The seed-to-solution method for the Einstein equations

Philippe G. LeFloch, The-Cang Nguyen

Published 2019-03-01Version 1

We study the global geometry of solutions to Einstein's (vacuum or matter) constraint equations of general relativity, and we establish the existence of a broad class of asymptotically Euclidean solutions. Specifically, we associate a solution to the Einstein equations to any given weakly asymptotically tame seed data set satisfying suitable decay conditions, a notion we define here. Such a data set consists of a Riemannian metric and a symmetric two-tensor prescribed on a topological manifold with finitely many asymptotically Euclidean ends, as well as a scalar field and a vector field describing the matter content. The Seed-to-Solution Method we introduce here is motivated by a pioneering work by Carlotto and Schoen on the so-called localization problem for the Einstein equations.

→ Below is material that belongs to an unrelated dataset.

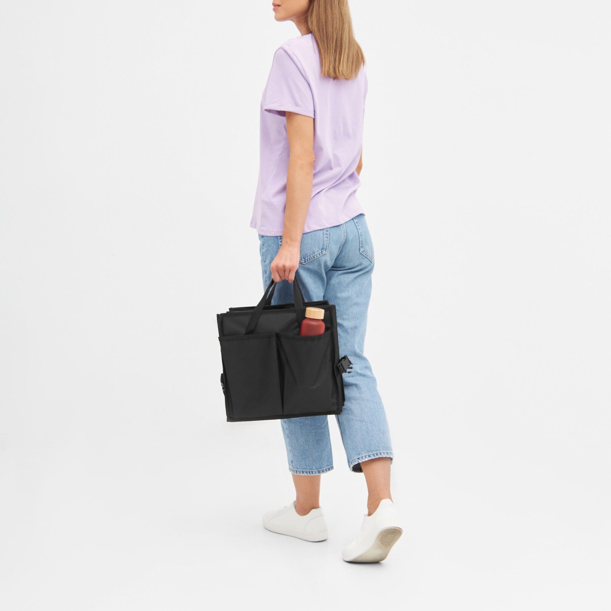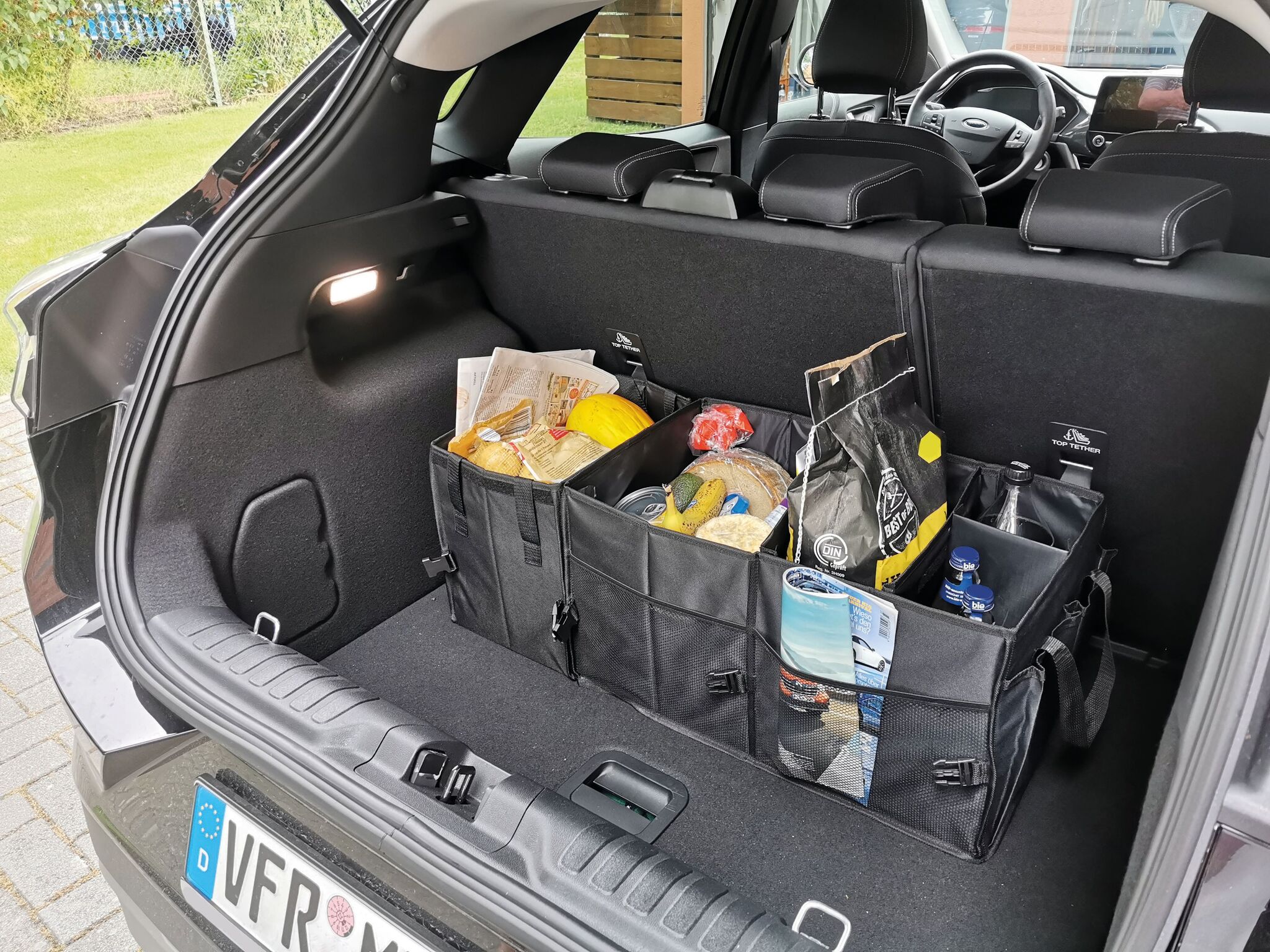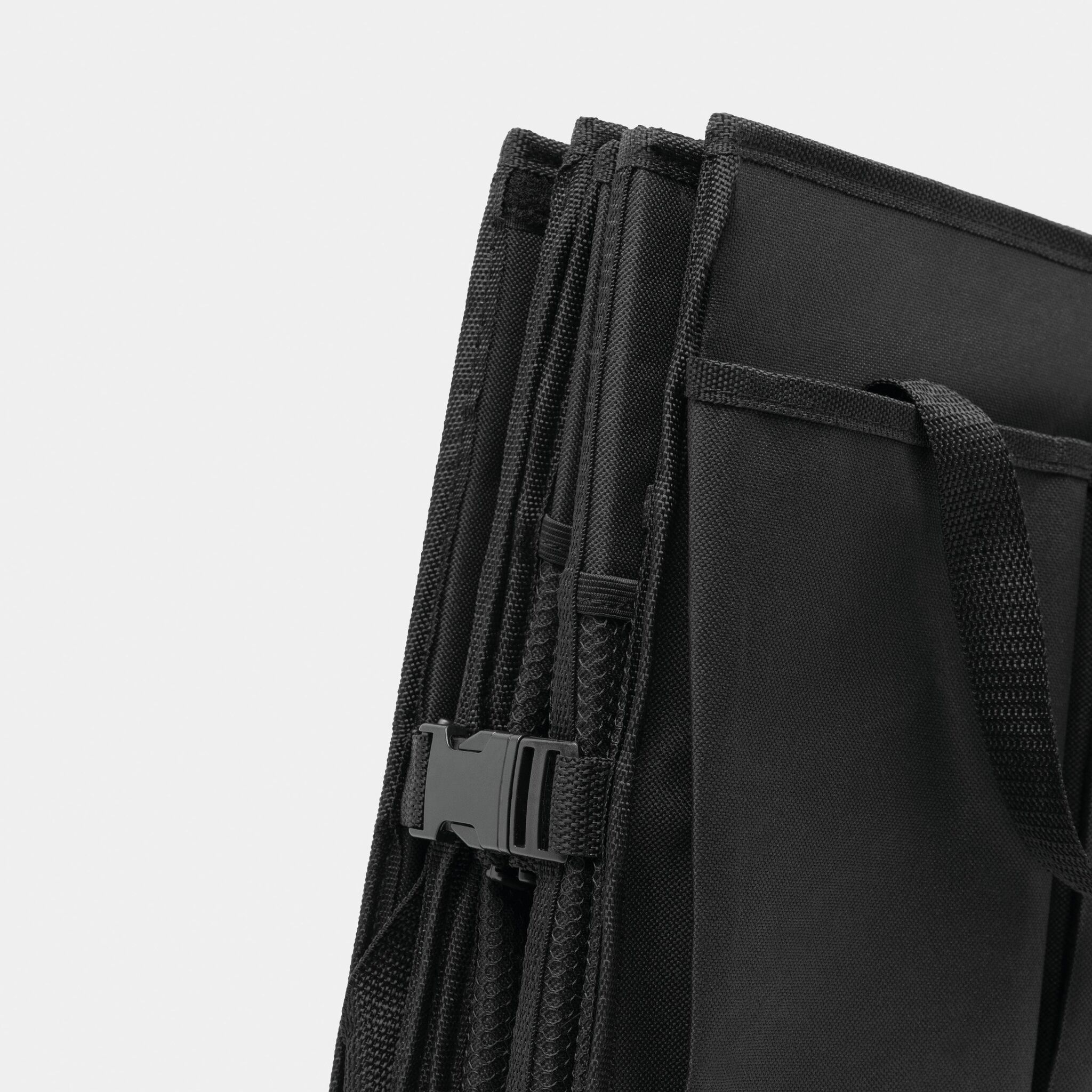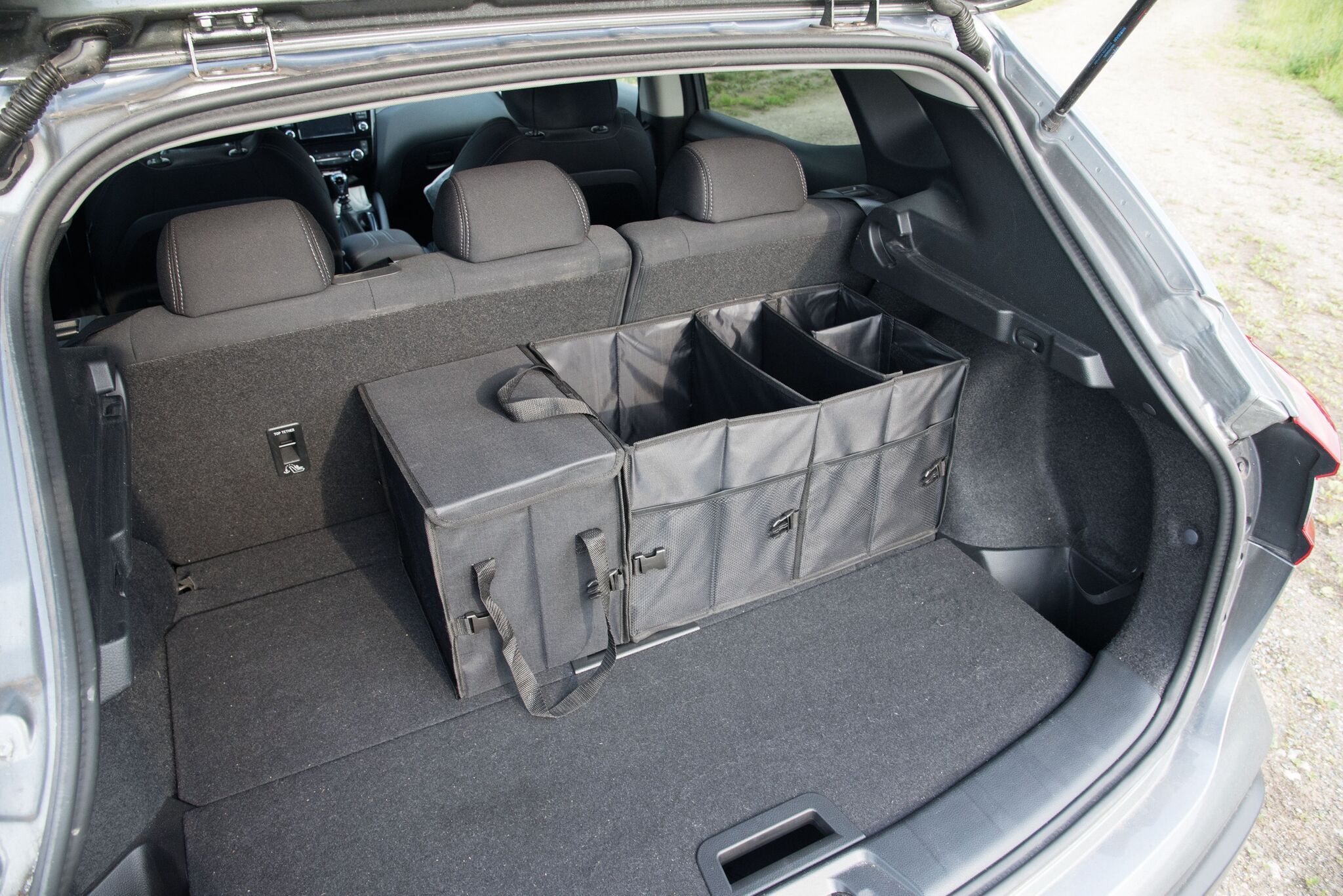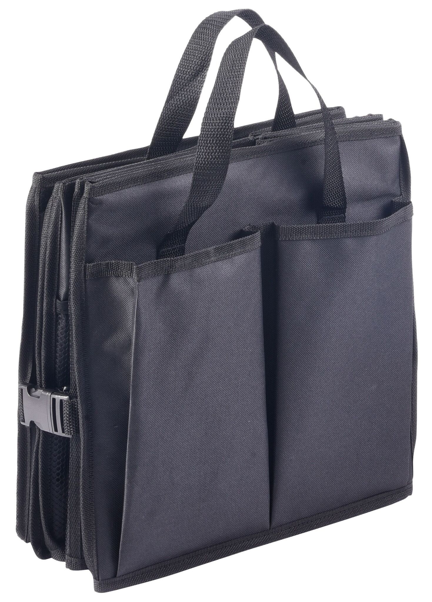 Сумка для автомобильного багажника SUPER GADGET : складная конструкция, состоящая из 2 сумок, которые можно соединить друг с другом с помощью липучки, 1 сумка с крышкой и ручками, 1 большая сумка 3 гибкими перегородками, ручками, 2 боковых кармана и сетчатые передние карманы, укреплённое днище, 2 ремня и многочисленные зажимы, липучка на днище для крепления в багажнике автомобиля

Our method copes with the nonlinear coupling between the Hamiltonian and momentum constraints at the sharp level of decay, and relies on a linearization of the Einstein equations near an arbitrary seed data set and on estimates in a weighted Lebesgue-Holder space adapted to the problem. Furthermore, for seed data sets enjoying stronger decay and referred to as strongly asymptotically tame data, we prove that the seed-to-solution map (as we call it) preserves the asymptotic behavior as well as the ADM mass of the prescribed data. Motivated by a question raised by Carlotto and Schoen, we define an Asymptotic Localization Problem, which we solve at the sharp level of decay.